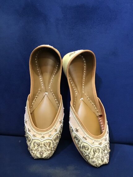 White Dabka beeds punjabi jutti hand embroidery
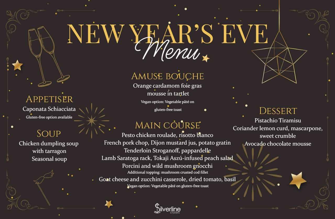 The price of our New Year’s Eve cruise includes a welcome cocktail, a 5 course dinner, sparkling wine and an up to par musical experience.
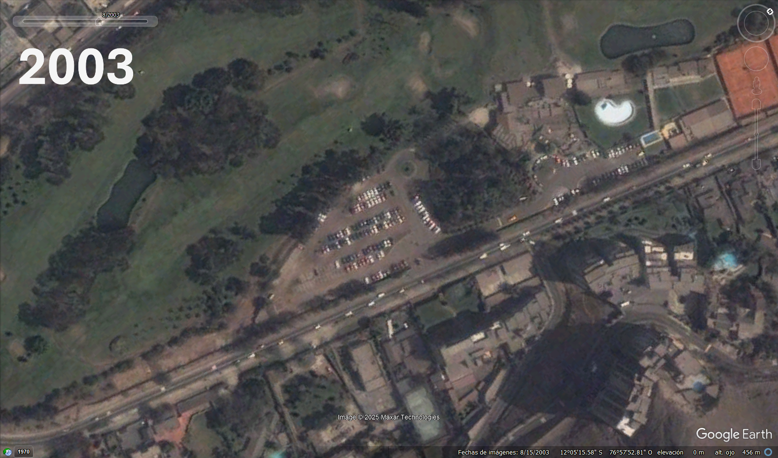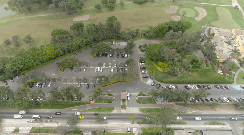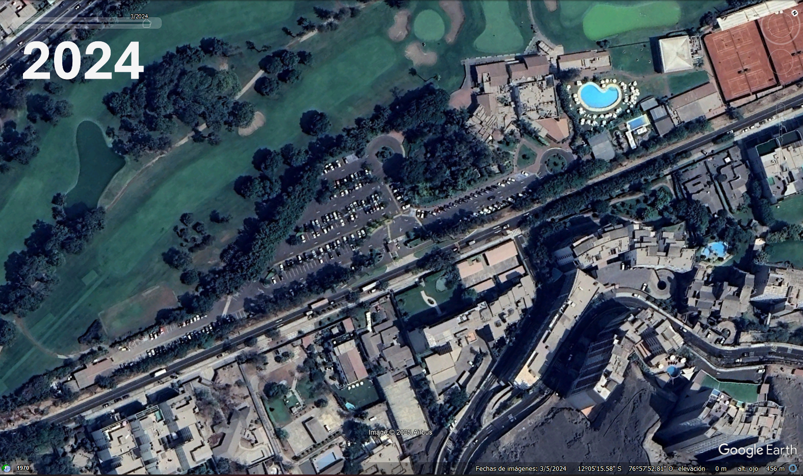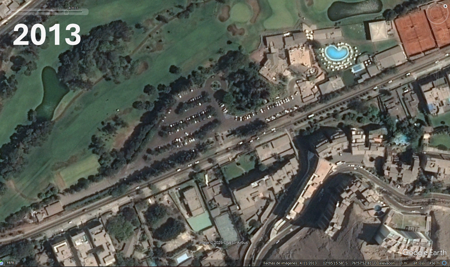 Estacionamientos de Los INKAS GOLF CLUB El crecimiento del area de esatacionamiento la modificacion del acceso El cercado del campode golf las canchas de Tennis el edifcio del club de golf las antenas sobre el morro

+===+

WHAT TO DO
Exact lines, nothing more: output the one with "The price of" and every later line through the end of the data, skipping pictures.

SOLUTION TO THIS EXERCISE
 The price of our New Year’s Eve cruise includes a welcome cocktail, a 5 course dinner, sparkling wine and an up to par musical experience.
 Estacionamientos de Los INKAS GOLF CLUB El crecimiento del area de esatacionamiento la modificacion del acceso El cercado del campode golf las canchas de Tennis el edifcio del club de golf las antenas sobre el morro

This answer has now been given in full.